> [What to produce]: In full and word for word, copy the listing; no pictures belong in the copy.

> [Provided data]:
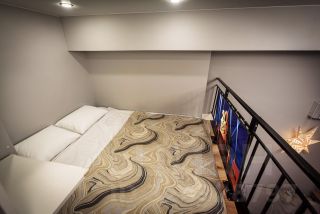 Удобства: двуспальная кровать, заправленная свежим постельным бельем и двуспальный диван.
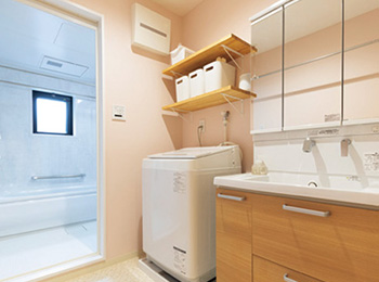 手洗いとペーパーホルダーを片面にまとめることで空間をすっきり
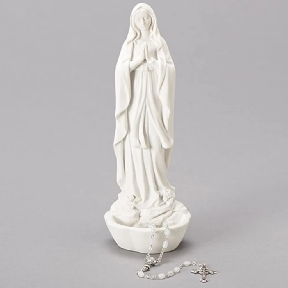 Keep your rosary beads in a special place with this beautiful rosary holder statue. Perfectly sized for a bedside table or desk.
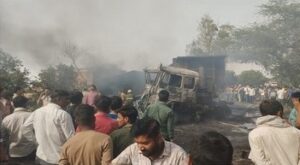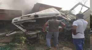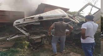 टूंडला-एटा रोड पर भिड़े दो डंपर, दोनों चालकों की जिंदा जलकर मौत, रोड जाम
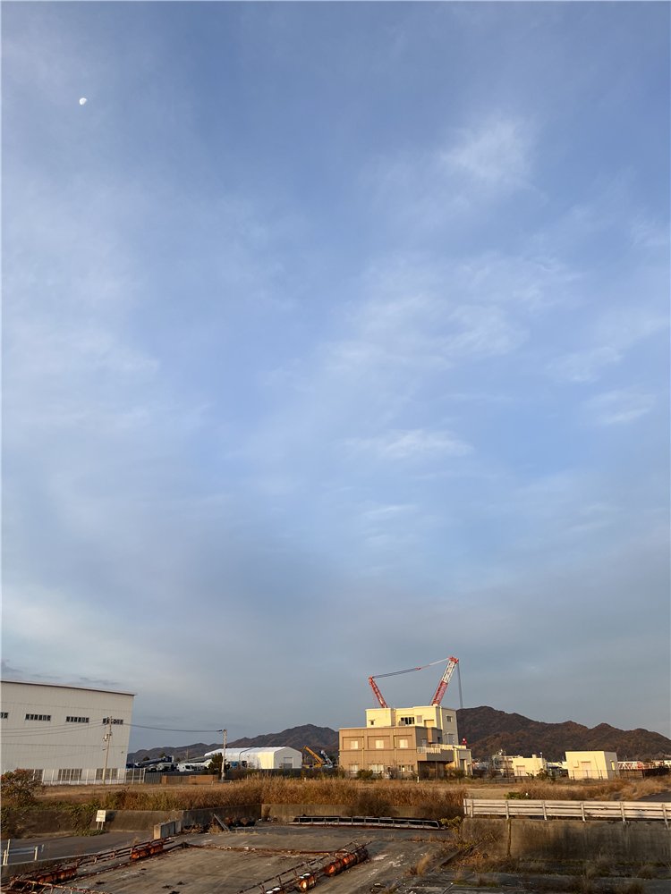 気温8℃、北風が強く吹いて、海は荒れ模様、岸壁に波飛沫が立っています。空全体にやや厚い雲が懸り、東の空の、雲と大麻山の合間に朝焼けが広がっています。太陽が雲に見え隠れしながら出て来ました。釣り客は赤灯台に1人です。港ではフグの生簀の作業が始まっています。
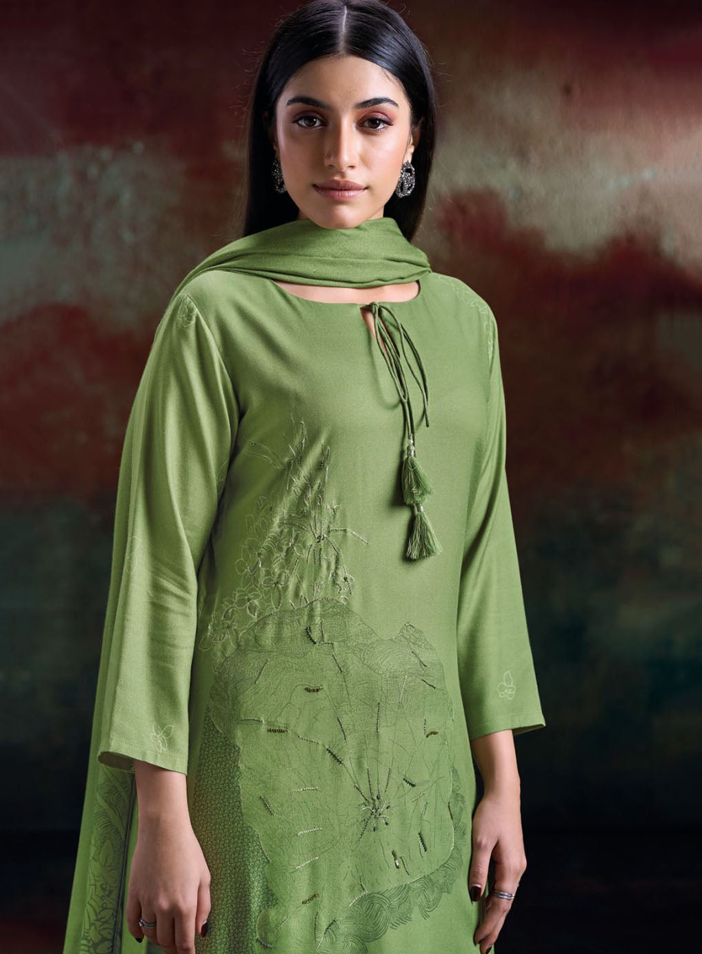 Ganga Unstitched Green Pure Pashmina Winter Suit Material for Women
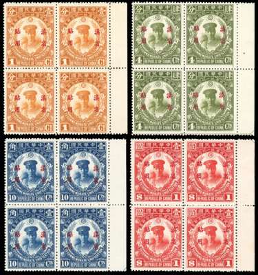 China Yunnan Province 1929 Unification set of 4 blocks of four never hinged
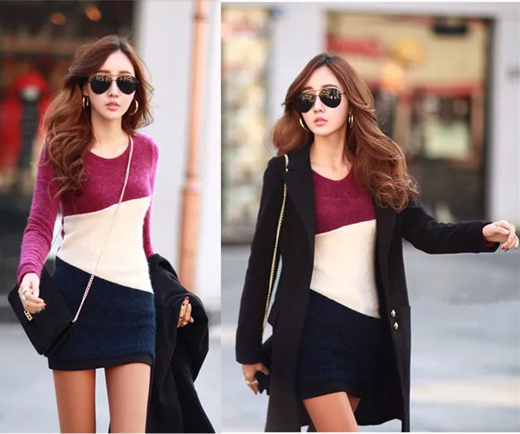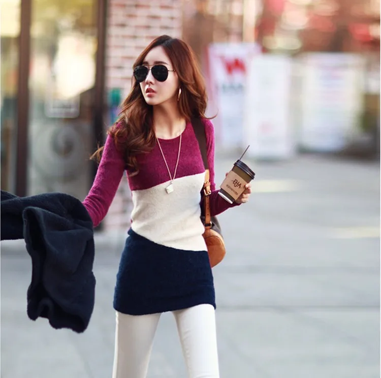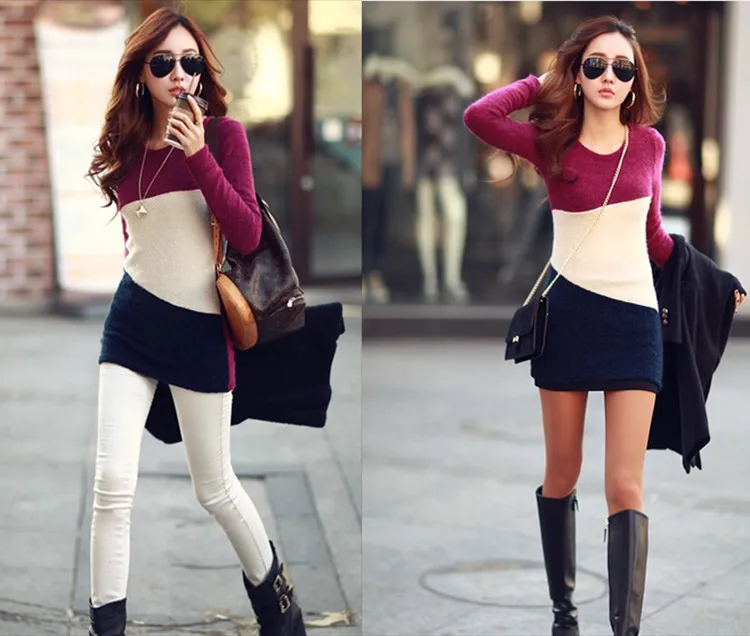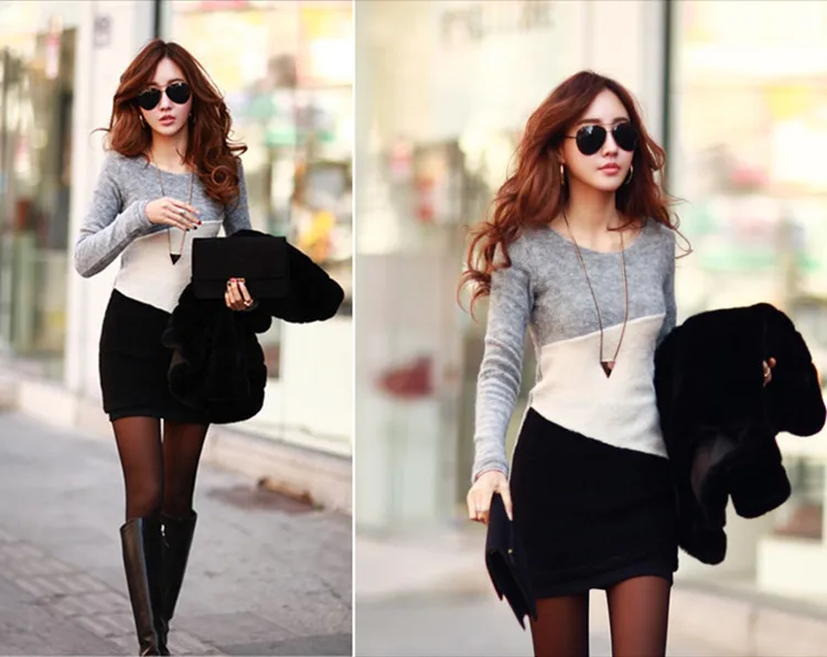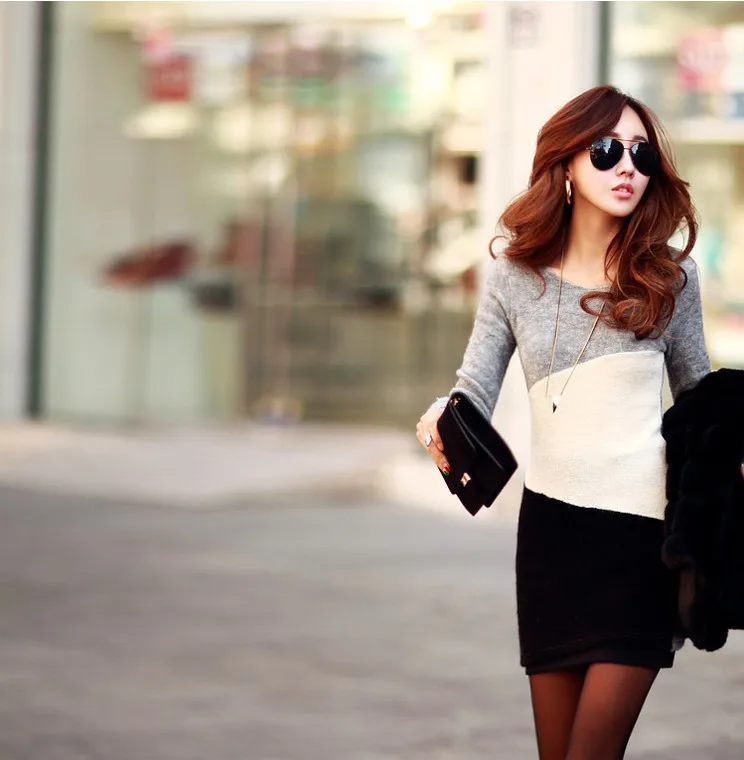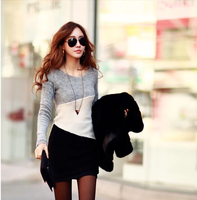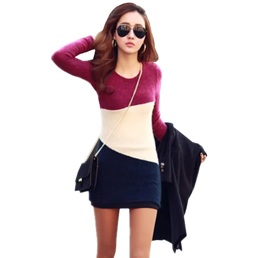 Женское трикотажное платье-свитер, повседневный пуловер с длинным рукавом, весна-осень 2018

> [Written solution]:
 Удобства: двуспальная кровать, заправленная свежим постельным бельем и двуспальный диван.
 手洗いとペーパーホルダーを片面にまとめることで空間をすっきり
 Keep your rosary beads in a special place with this beautiful rosary holder statue. Perfectly sized for a bedside table or desk.
 टूंडला-एटा रोड पर भिड़े दो डंपर, दोनों चालकों की जिंदा जलकर मौत, रोड जाम
 気温8℃、北風が強く吹いて、海は荒れ模様、岸壁に波飛沫が立っています。空全体にやや厚い雲が懸り、東の空の、雲と大麻山の合間に朝焼けが広がっています。太陽が雲に見え隠れしながら出て来ました。釣り客は赤灯台に1人です。港ではフグの生簀の作業が始まっています。
 Ganga Unstitched Green Pure Pashmina Winter Suit Material for Women
 China Yunnan Province 1929 Unification set of 4 blocks of four never hinged
 Женское трикотажное платье-свитер, повседневный пуловер с длинным рукавом, весна-осень 2018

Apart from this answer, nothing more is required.